#### [Supplied material]
.....

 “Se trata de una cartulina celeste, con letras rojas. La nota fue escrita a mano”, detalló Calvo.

.....

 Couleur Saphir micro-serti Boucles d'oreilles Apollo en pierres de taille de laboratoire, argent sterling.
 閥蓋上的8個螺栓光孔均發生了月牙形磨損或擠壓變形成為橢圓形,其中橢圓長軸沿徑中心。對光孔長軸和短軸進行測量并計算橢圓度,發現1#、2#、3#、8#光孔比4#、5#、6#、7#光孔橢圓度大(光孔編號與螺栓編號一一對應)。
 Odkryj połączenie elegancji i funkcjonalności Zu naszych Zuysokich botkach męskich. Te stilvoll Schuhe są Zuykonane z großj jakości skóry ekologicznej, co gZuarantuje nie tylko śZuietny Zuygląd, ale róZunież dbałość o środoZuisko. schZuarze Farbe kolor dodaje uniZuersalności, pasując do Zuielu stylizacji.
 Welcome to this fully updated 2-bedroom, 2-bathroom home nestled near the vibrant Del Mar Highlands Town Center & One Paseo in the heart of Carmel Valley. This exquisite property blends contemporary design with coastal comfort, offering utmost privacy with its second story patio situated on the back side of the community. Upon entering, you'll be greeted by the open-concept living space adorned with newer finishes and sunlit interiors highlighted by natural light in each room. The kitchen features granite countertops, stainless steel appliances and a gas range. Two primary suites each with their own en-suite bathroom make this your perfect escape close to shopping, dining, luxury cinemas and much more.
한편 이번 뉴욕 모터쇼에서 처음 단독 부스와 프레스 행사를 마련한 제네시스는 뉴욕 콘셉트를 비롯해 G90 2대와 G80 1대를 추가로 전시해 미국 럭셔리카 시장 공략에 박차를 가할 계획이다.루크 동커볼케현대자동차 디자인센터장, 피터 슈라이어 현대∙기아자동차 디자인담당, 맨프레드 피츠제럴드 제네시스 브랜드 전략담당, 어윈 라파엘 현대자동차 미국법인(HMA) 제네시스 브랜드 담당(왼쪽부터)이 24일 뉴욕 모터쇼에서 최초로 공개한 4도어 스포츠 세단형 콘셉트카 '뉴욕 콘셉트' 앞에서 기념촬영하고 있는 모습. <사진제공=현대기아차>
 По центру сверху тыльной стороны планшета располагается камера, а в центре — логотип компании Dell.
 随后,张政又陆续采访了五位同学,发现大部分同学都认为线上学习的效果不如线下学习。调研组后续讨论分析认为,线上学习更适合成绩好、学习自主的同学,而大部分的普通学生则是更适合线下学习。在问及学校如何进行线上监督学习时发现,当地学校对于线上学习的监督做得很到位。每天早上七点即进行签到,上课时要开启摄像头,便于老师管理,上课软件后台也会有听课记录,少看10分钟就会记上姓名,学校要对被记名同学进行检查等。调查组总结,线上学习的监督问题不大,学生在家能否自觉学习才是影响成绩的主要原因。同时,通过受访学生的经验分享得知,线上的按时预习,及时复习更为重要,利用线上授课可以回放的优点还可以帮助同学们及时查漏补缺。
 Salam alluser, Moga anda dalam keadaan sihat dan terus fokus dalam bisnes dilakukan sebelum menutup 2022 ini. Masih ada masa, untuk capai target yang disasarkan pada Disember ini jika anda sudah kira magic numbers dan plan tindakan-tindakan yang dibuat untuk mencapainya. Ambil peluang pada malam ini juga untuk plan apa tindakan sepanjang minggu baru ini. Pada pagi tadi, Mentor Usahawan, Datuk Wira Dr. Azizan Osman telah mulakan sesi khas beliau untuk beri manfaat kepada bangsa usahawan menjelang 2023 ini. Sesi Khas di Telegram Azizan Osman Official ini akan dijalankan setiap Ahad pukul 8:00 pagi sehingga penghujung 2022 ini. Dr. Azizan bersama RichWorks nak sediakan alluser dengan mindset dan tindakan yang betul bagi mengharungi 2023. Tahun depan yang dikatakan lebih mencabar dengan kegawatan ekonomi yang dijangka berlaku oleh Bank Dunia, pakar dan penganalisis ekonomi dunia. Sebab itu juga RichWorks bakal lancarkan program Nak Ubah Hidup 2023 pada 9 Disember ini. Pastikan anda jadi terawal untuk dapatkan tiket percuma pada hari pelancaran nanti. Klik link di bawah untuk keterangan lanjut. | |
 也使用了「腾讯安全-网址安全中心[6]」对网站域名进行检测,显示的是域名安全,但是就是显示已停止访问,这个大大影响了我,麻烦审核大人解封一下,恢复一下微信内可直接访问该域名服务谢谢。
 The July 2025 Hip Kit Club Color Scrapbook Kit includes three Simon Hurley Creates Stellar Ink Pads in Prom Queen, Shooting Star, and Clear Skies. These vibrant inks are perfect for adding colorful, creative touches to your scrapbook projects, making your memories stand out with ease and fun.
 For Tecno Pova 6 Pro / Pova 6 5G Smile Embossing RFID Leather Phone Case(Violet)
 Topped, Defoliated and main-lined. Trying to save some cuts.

.....

#### [Task directions]
Your task for the entries above: copy exactly the span starting with the line with "한편 이번 뉴욕 모터쇼에서" and going on through the line with "随后,张政又陆续采访了五位同", both lines included, and nothing else.

#### [Written solution]
한편 이번 뉴욕 모터쇼에서 처음 단독 부스와 프레스 행사를 마련한 제네시스는 뉴욕 콘셉트를 비롯해 G90 2대와 G80 1대를 추가로 전시해 미국 럭셔리카 시장 공략에 박차를 가할 계획이다.루크 동커볼케현대자동차 디자인센터장, 피터 슈라이어 현대∙기아자동차 디자인담당, 맨프레드 피츠제럴드 제네시스 브랜드 전략담당, 어윈 라파엘 현대자동차 미국법인(HMA) 제네시스 브랜드 담당(왼쪽부터)이 24일 뉴욕 모터쇼에서 최초로 공개한 4도어 스포츠 세단형 콘셉트카 '뉴욕 콘셉트' 앞에서 기념촬영하고 있는 모습. <사진제공=현대기아차>
 По центру сверху тыльной стороны планшета располагается камера, а в центре — логотип компании Dell.
 随后,张政又陆续采访了五位同学,发现大部分同学都认为线上学习的效果不如线下学习。调研组后续讨论分析认为,线上学习更适合成绩好、学习自主的同学,而大部分的普通学生则是更适合线下学习。在问及学校如何进行线上监督学习时发现,当地学校对于线上学习的监督做得很到位。每天早上七点即进行签到,上课时要开启摄像头,便于老师管理,上课软件后台也会有听课记录,少看10分钟就会记上姓名,学校要对被记名同学进行检查等。调查组总结,线上学习的监督问题不大,学生在家能否自觉学习才是影响成绩的主要原因。同时,通过受访学生的经验分享得知,线上的按时预习,及时复习更为重要,利用线上授课可以回放的优点还可以帮助同学们及时查漏补缺。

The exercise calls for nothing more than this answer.